Boşandıktan sonra birlikte yaşamaları bir hak
Davaya bakan Zonguldak 2`nci Ağır Ceza Mahkemesi, yargılama sonunda karı kocanın beraatine karar verdi. Mahkeme, çiftin boşandıktan sonra birlikte yaşamalarının bir hak olduğunu belirttiği kararında şöyle dedi: "Taraflar mahkeme ilamı ile boşanmışlardır. Tarafların mahkeme ilamı ile boşanmalarında ve boşandıktan sonra kadının babasından kalan sigorta aylığını almasında dolandırıcılık suçunun unsuru olan hile ve aldatıcılıktan söz edilemez. Boşandıktan sonra tarafların yeniden bir araya gelerek nikahsız olarak yaşamalarının da dolandırıcılık suçunun unsurlarını oluşturmayacağı anlaşılmıştır."
Suç değil
Temyiz üzerine Yargıtay 11`inci Ceza Dairesi "Sanıkların boşandıktan sonra aynı evde yaşamaya devam edip etmedikleri, muhtarlık, zabıta ve komşulardan sorulup araştırılmalıydı. İkametgahlarını başka bir yere nakledip nakletmedikleri araştırılmalıydı" diyerek yerel mahkemenin kararını bozdu. Zonguldak 2`nci Ağır Ceza Mahkemesi ise "Birlikte yaşamaları dolandırıcılık olmaz. Bu onların kendi iradesidir" diyerek kararında direndi. Uyuşmazlık olunca dosya Yargıtay Ceza Genel Kurulu`na geldi. Verdiği kararlar kesin ve bağlayıcı nitelik taşıyan Yargıtay Ceza Genel Kurulu, yerel mahkemenin kararını yerinde buldu. Böylelikle kadınların, ölen babalarının sigorta aylıklarını alabilmek için boşanmaları ahalinde çiftin suç işlememiş olduğu kararı kesinleşmiş oldu.
Kesilen aylıklar geri istenemeyecek
Babanın ölüm aylığını alabilmek için yapılan boşanmalar, Sosyal Güvenlik Kurumu`nun (SGK) açtığı çok sayıdaki alacak davasını etkileyecek.
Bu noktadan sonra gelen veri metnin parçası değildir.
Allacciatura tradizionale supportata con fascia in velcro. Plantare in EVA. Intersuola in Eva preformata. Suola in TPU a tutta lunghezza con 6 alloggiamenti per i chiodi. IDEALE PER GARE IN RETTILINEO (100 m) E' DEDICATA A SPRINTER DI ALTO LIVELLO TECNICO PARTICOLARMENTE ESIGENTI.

SGK boşandıktan sonra kocasıyla birlikte yaşamaya devam eden kadınların aldıkları ölüm aylıklarını kesmiş, son 5 yılda aldıklarını da geri vermeleri için dava açmıştı. Yargıtay`ın bu kararının ardından, çiftlerin boşandıktan sonra birlikte yaşamaları hak olarak görülüp aylığın kesilmesi mümkün olmayacak. Kesilen aylıklar geri istenemeyecek.
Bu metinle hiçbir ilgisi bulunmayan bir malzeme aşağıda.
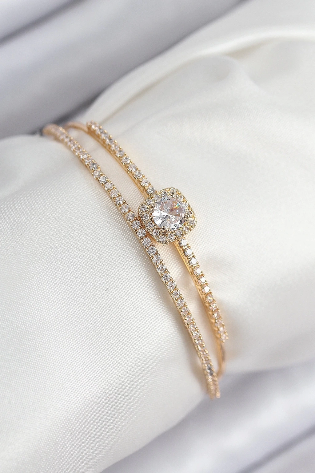 Pirinç Zirkon Taşlı Baget Model Gold Renk Kadın Bileklik

“Devletin ya da Sosyal Sigortalar Kurumu’nun insanları ve özel yaşamalarını dedektif gibi irdelemesi doğru değildir.”
Konu ile ilgili değerlendirme yapan Av.Muharrem Erkek: “Yargıtay doğru bir karar almıştır. Bundan sonraki süreçte taraflar anlaşmalı olarak boşanmıştır ve birlikte yaşamaya devam etmektedir gibi insanları suçlama yoluna gidilmeyecektir. Bir yanlıştan geri dönülmüştür. Bu insanın özel hayatıdır. Devletin ya da Sosyal Sigortalar Kurumu’nun insanları ve özel yaşamalarını dedektif gibi irdelemesi doğru değildir. Bundan hareketle kimsenin dolandırıcılık yaptığı iddia edilemez. Kaç kişi böyle bir şey için boşanır ki? Bir insanın dul kaldığında maaşı alması da haktır” dedi.